§ **Your goal**
Restate the entries below exactly. Images are not part of the copy.
--- START ---
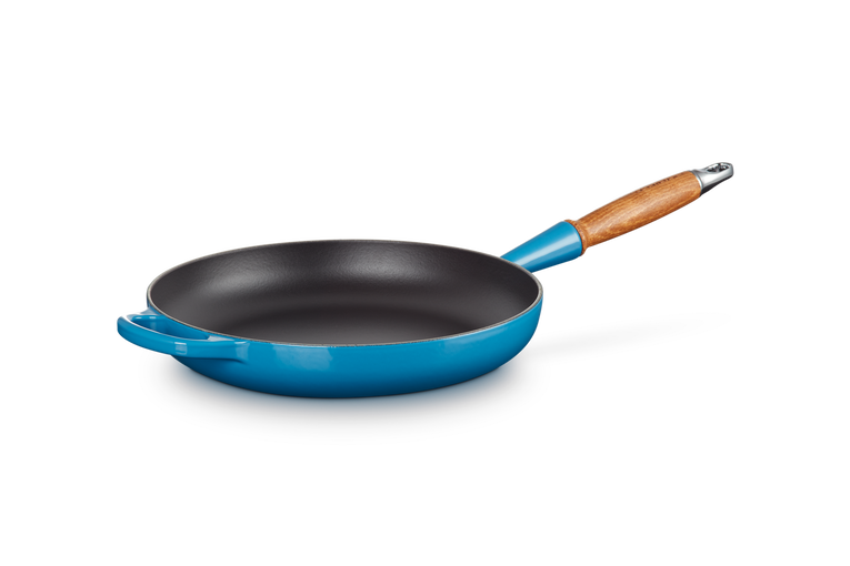 Bekijk productLe Creuset Braadpan - 28 cm - Gietijzer - Zwart/Blauw/Hout - Voorraadkasten
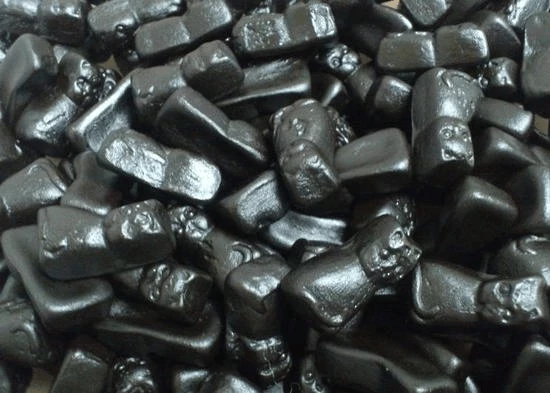 Ingredients: Sugar, Glucose Syrup, Modified Starch, Gelatine, Liquorice extract, Colour (Caramel), Ammonium Chloride, Flavours, Vegetable Oil (Coconut), Glazing Agent: Beeswax.
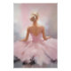 An abstract softly painted impressionist portrait of a ballerina from behind in a pink tulle costume.
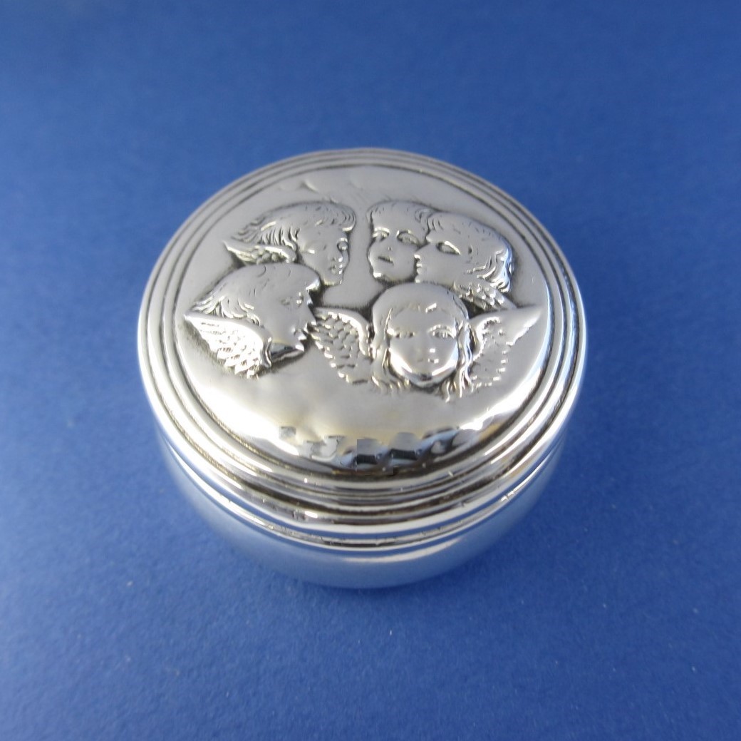 Late Victorian Silver Pill Box Featuring Joshua Reynolds Angels
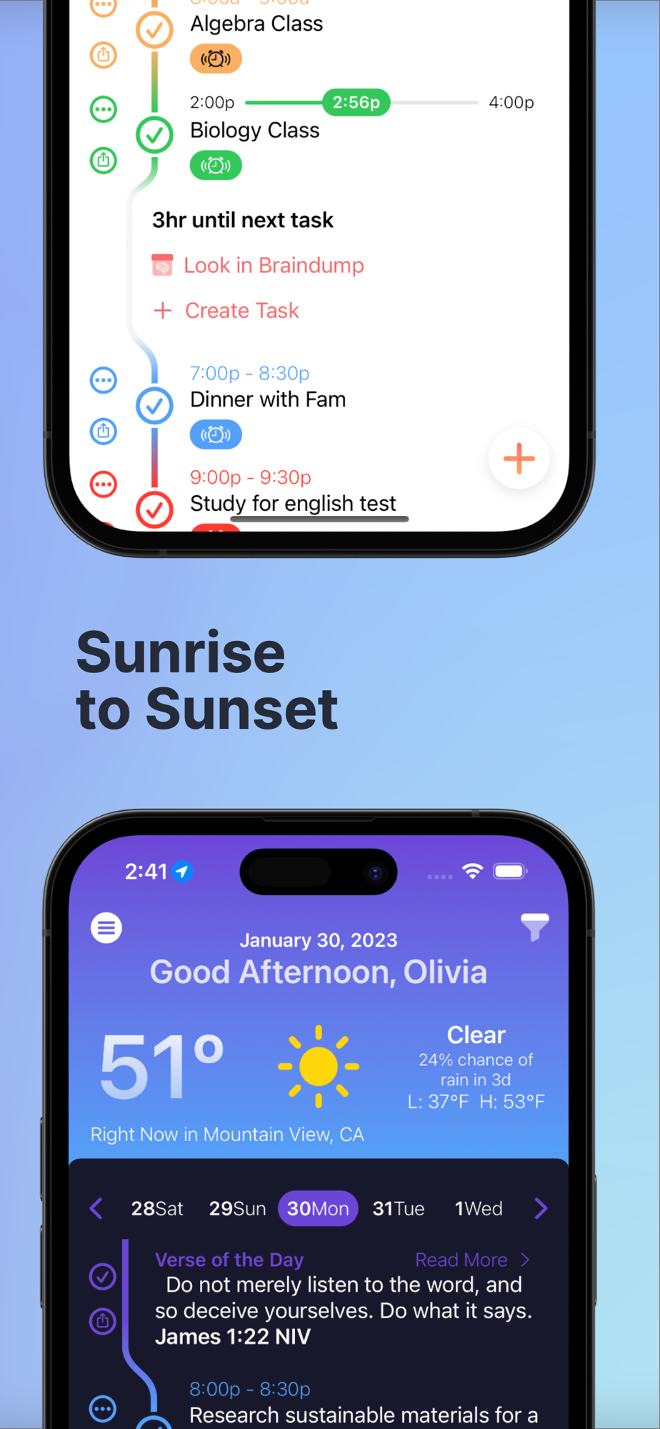 In addition to task scheduling, Today also has some nice bonus features that can add value to your day. The dashboard shows the weather for the day, including the current temp, highs and lows, current conditions, and an estimate of precipitation chances. And if you're interested, there's also a Bible verse of the day specific to you (which you can disable if you prefer).
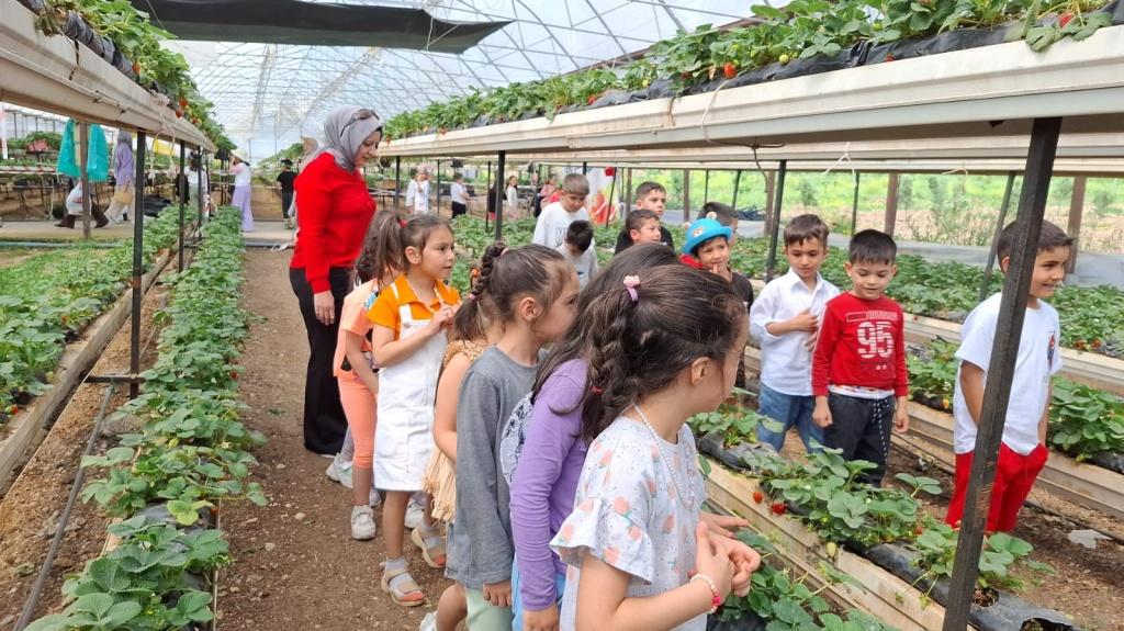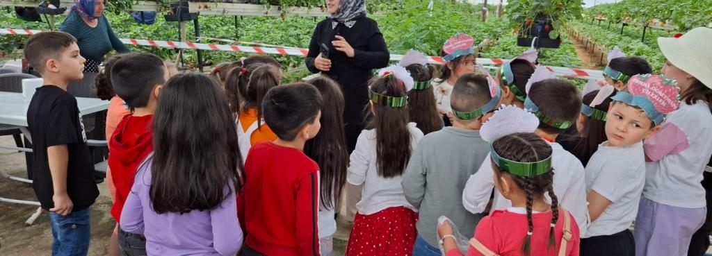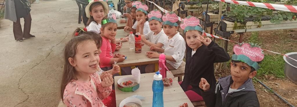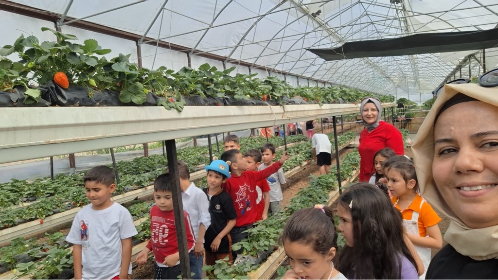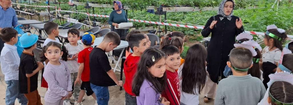 Okulumuz Anasınıfı B şube öğretmenimiz Fatma Gülçin SALİMOĞLU ve C şubesi öğretmenimiz Zehra ÇAKMAK ile birlikte öğrencilerimiz ilimiz Dulkadiroğlu bölgesinde bulunan AgroMerk çilek serasını ziyaret ettiler. Topraksız tarımın nasıl yapıldığını, bitkilerin büyümek için nelere ihtiyacının olduğunu öğrendiler. Sera yetkilisi Ayşe hanımdan çileğin faydalarını ve nasıl yararlanılacağını öğrendiler. Öğrencilerimiz çilek bahçesinde gezerek hasadı elleriyle yaptılar. İkramları yedikten sonra hediye edilen çileklerle okulumuza döndüler.
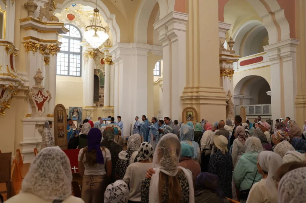 Десятки верующих собрались на торжественную литургию под сводами древней Софии в день Успения Пресвятой Богородицы. Возглавил службу митрополит Минский и Заславский, Патриарший Экзарх всея Беларуси Вениамин.
--- END ---
§ **Expected output**
 Bekijk productLe Creuset Braadpan - 28 cm - Gietijzer - Zwart/Blauw/Hout - Voorraadkasten
 Ingredients: Sugar, Glucose Syrup, Modified Starch, Gelatine, Liquorice extract, Colour (Caramel), Ammonium Chloride, Flavours, Vegetable Oil (Coconut), Glazing Agent: Beeswax.
 An abstract softly painted impressionist portrait of a ballerina from behind in a pink tulle costume.
 Late Victorian Silver Pill Box Featuring Joshua Reynolds Angels
 In addition to task scheduling, Today also has some nice bonus features that can add value to your day. The dashboard shows the weather for the day, including the current temp, highs and lows, current conditions, and an estimate of precipitation chances. And if you're interested, there's also a Bible verse of the day specific to you (which you can disable if you prefer).
 Okulumuz Anasınıfı B şube öğretmenimiz Fatma Gülçin SALİMOĞLU ve C şubesi öğretmenimiz Zehra ÇAKMAK ile birlikte öğrencilerimiz ilimiz Dulkadiroğlu bölgesinde bulunan AgroMerk çilek serasını ziyaret ettiler. Topraksız tarımın nasıl yapıldığını, bitkilerin büyümek için nelere ihtiyacının olduğunu öğrendiler. Sera yetkilisi Ayşe hanımdan çileğin faydalarını ve nasıl yararlanılacağını öğrendiler. Öğrencilerimiz çilek bahçesinde gezerek hasadı elleriyle yaptılar. İkramları yedikten sonra hediye edilen çileklerle okulumuza döndüler.
 Десятки верующих собрались на торжественную литургию под сводами древней Софии в день Успения Пресвятой Богородицы. Возглавил службу митрополит Минский и Заславский, Патриарший Экзарх всея Беларуси Вениамин.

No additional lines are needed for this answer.